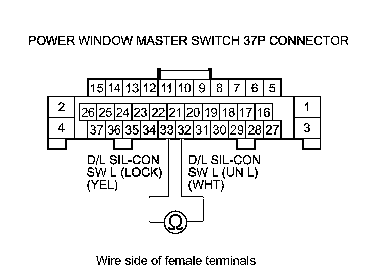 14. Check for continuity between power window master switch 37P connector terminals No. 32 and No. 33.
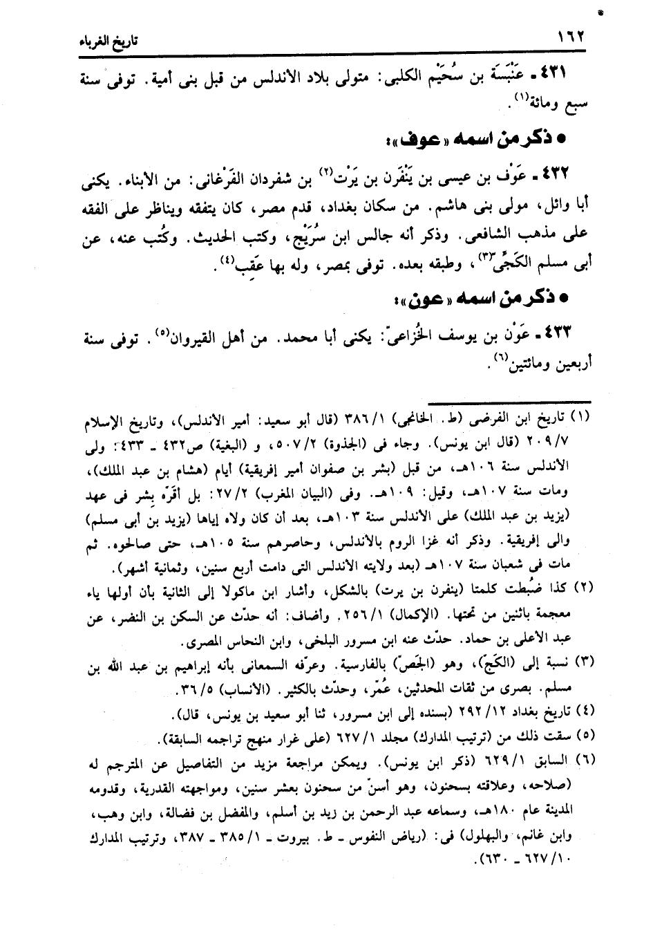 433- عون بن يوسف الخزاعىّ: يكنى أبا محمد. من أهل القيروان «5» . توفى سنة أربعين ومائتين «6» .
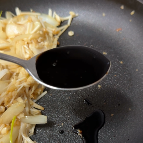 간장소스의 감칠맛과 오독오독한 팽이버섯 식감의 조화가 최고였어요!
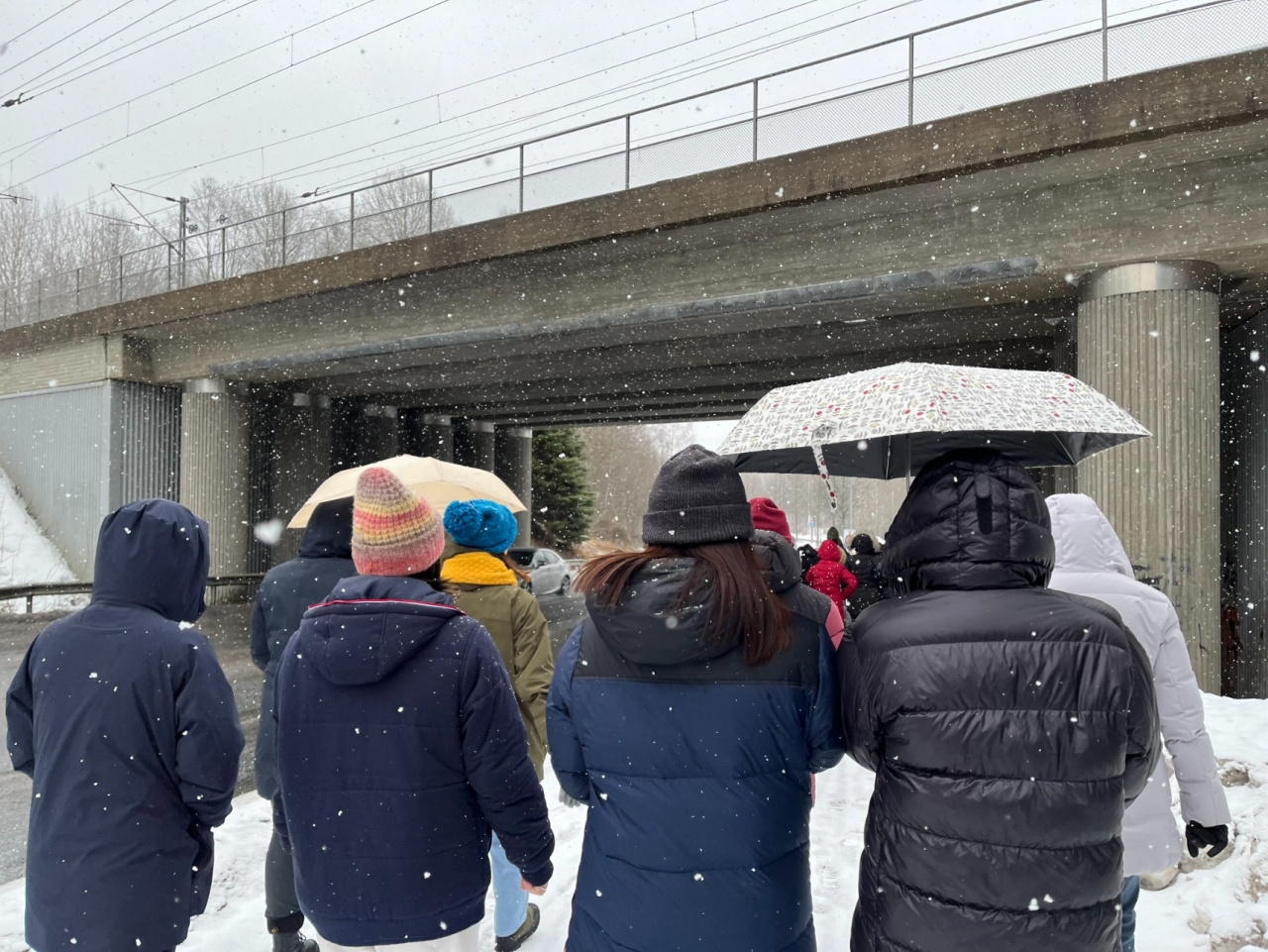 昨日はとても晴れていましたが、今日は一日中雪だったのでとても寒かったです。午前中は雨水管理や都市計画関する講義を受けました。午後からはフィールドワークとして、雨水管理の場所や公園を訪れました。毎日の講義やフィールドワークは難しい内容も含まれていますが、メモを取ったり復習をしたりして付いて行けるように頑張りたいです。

···

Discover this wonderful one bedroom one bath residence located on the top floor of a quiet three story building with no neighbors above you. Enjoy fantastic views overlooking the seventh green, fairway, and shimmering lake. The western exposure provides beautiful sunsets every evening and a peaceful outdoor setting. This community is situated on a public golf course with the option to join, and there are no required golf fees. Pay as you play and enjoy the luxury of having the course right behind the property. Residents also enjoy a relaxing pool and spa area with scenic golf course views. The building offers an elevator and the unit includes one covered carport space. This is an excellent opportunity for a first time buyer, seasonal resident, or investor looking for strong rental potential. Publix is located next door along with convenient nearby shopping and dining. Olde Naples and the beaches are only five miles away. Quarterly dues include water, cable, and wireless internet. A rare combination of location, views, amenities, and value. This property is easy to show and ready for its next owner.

···

### [Task]
Please transcribe exactly the part of the records that opens with the line containing "14. Check for" and closes with the line containing "昨日はとても晴れていましたが", both ends included, and leave out the pictures.

### [Written response]
 14. Check for continuity between power window master switch 37P connector terminals No. 32 and No. 33.
 433- عون بن يوسف الخزاعىّ: يكنى أبا محمد. من أهل القيروان «5» . توفى سنة أربعين ومائتين «6» .
 간장소스의 감칠맛과 오독오독한 팽이버섯 식감의 조화가 최고였어요!
 昨日はとても晴れていましたが、今日は一日中雪だったのでとても寒かったです。午前中は雨水管理や都市計画関する講義を受けました。午後からはフィールドワークとして、雨水管理の場所や公園を訪れました。毎日の講義やフィールドワークは難しい内容も含まれていますが、メモを取ったり復習をしたりして付いて行けるように頑張りたいです。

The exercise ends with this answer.